1. **Understanding N-gram Probabilities**:
   - An n-gram is a sequence of `n` tokens (words).
   - The probability of an n-gram with Laplace smoothing is computed as:
   - 
     $
     P(w_i | w_{i-(n-1)}, \ldots, w_{i-1}) = \frac{\text{Count}(w_{i-(n-1)}, \ldots, w_i) + 1}{\text{Count}(w_{i-(n-1)}, \ldots, w_{i-1}) + V}
     $

     Where:
     - $\text{Count}(w_{i-(n-1)}, \ldots, w_i)$: Count of the n-gram in the training data.
     - $\text{Count}(w_{i-(n-1)}, \ldots, w_{i-1})$: Count of the (n-1)-gram prefix.
     - $V$: Vocabulary size (total number of unique tokens in the training data).

2. **Handling Zero Counts**:
   - If the n-gram or its prefix does not appear in the training data, the smoothing process ensures a non-zero probability by adding 1 to the numerator and the vocabulary size $V$ to the denominator.

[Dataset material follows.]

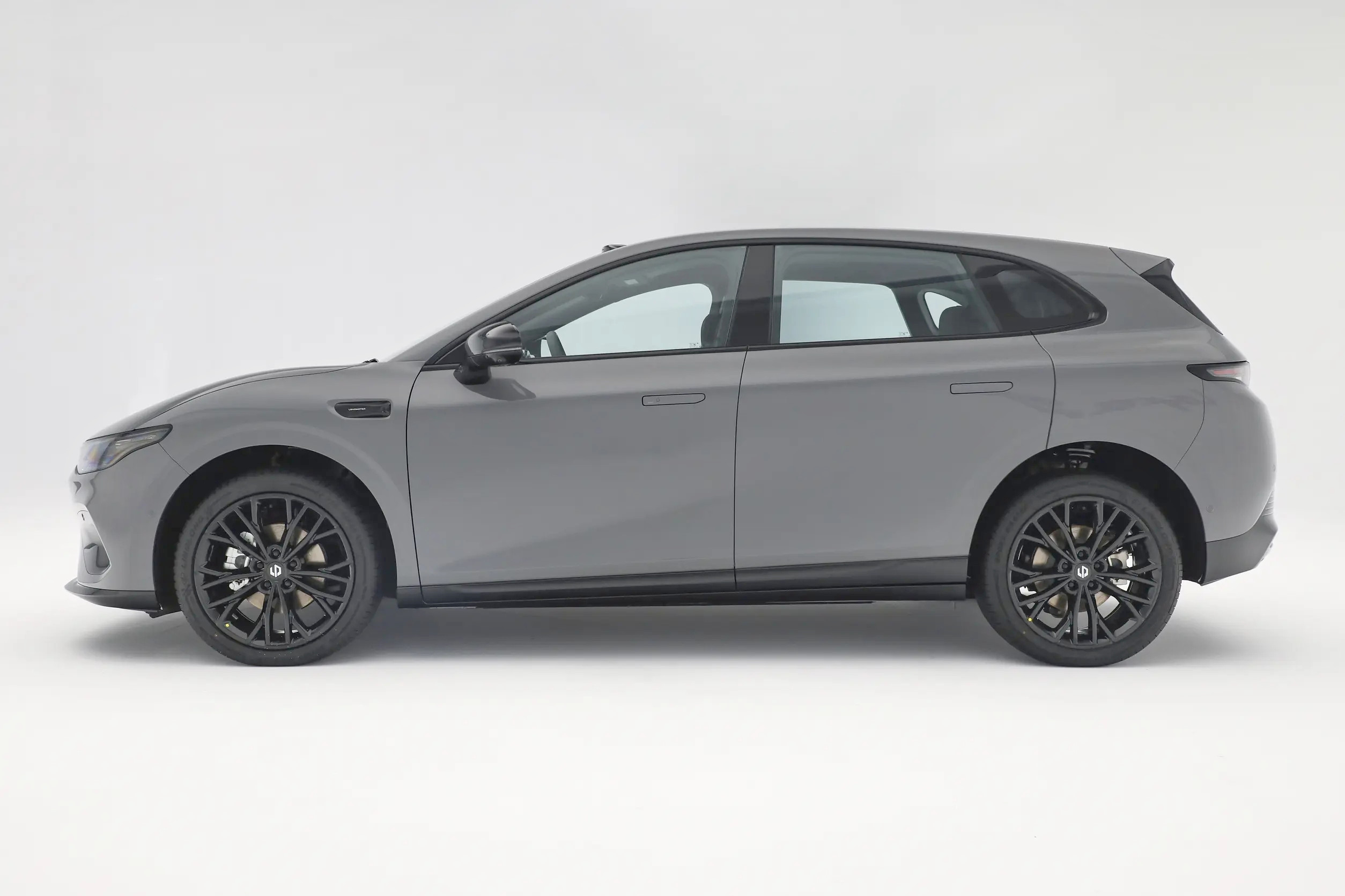 前脸造型:半封闭式前脸布局+三段式家族化LED光源前大灯组(支持自适应远近光自动切换)、澎湃张力前机盖、前包围底部熏黑装饰件+AGS主动进气格栅车身轮廓:1880mm宽体+两厢车造型布局、纯平侧窗+B柱玻璃饰板+车身多处熏黑装饰件、前后隐藏式门把手+四门无框车门、电动调节外后视镜+19英寸掠翼运动轮毂。车尾布局:贯穿式LED光源尾灯组、电动后尾门+扰流板+高位刹车灯、后包围底部大面积熏黑装饰件(含扩散器装置)。

3. **Sentence Probability**:
   - A sentence's probability is the product of probabilities for all n-grams in the sentence:
   - 
     $
     P(\text{sentence}) = \prod_{i=1}^{N} P(w_i | w_{i-(n-1)}, \ldots, w_{i-1})
     $

     Here, the sentence is tokenized with start (`<s>`) and end (`</s>`) markers to capture context at the boundaries.


In [22]:
def compute_laplace_probability(ngram, ngram_counts, n_minus_1_counts, vocab_size):
    """
    Compute the Laplace smoothed probability of an n-gram.
    """
    ngram_count = ngram_counts[ngram]
    n_minus_1_count = n_minus_1_counts[ngram[:-1]] if len(ngram) > 1 else sum(ngram_counts.values())
    return (ngram_count + 1) / (n_minus_1_count + vocab_size)

In [23]:
def sentence_probability(sentence, ngram_counts, n_minus_1_counts, vocab_size, n):
    """
    Compute the probability of a sentence using an n-gram model with laplace smoothing
    """
    tokens = ["<s>"] + sentence.split() + ["</s>"]
    prob = 1.0
    for i in range(len(tokens) - n + 1):
        ngram = tuple(tokens[i:i + n])
        prob *= compute_laplace_probability(ngram, ngram_counts, n_minus_1_counts, vocab_size)
    return prob

## Function for computing perplexity with the used of laplace probability

In [24]:
def compute_perplexity(sentence, ngram_counts, n_minus_1_counts, vocab_size, n):
    """
    Compute the perplexity of a sentence using an n-gram model.
    """
    tokens = ["<s>"] + sentence.split() + ["</s>"]
    prob = 0.0
    for i in range(len(tokens) - n + 1):
        ngram = tuple(tokens[i:i + n])
        prob += math.log(compute_laplace_probability(ngram, ngram_counts, n_minus_1_counts, vocab_size))
    prob = -prob / len(tokens)
    return math.exp(prob)

## Function for building first 3 n-gram models 

In [None]:
def build_ngram_models(filepath):
    """
    Build n-gram models for 1-gram, 2-gram, and 3-gram.
    """
    corpus = load_data(filepath)
    ngram_models = {}
    
    for n in range(1, 4): 
        ngram_counts, n_minus_1_counts, vocab_size = build_ngram_model(corpus, n)
        ngram_models[n] = (ngram_counts, n_minus_1_counts, vocab_size)
    
    return ngram_models


## Function for calculating the probability and the perplexity of a sentence

In [26]:
def analyze_sentence(sentence, ngram_models):
    """
    Analyze a sentence by computing its probability and perplexity for 1-gram, 2-gram, and 3-gram models.
    """
    results = {}

    for n, (ngram_counts, n_minus_1_counts, vocab_size) in ngram_models.items():
        prob = sentence_probability(sentence, ngram_counts, n_minus_1_counts, vocab_size, n)
        perplexity = compute_perplexity(sentence, ngram_counts, n_minus_1_counts, vocab_size, n)
        results[n] = {"probability": prob, "perplexity": perplexity}
    
    return results


## Function for comparing 2 sentences by analyzing them

In [27]:
def compare_sentences(correct_sentence, incorrect_sentence, ngram_models):
    """
    Compare probabilities and perplexities of two sentences: one correct and one incorrect.
    """
    correct_results = analyze_sentence(correct_sentence, ngram_models)
    incorrect_results = analyze_sentence(incorrect_sentence, ngram_models)

    comparison = {}
    for n in correct_results.keys():
        # Extract probabilities and perplexities for both sentences
        correct_prob = correct_results[n]["probability"]
        incorrect_prob = incorrect_results[n]["probability"]
        correct_perplexity = correct_results[n]["perplexity"]
        incorrect_perplexity = incorrect_results[n]["perplexity"]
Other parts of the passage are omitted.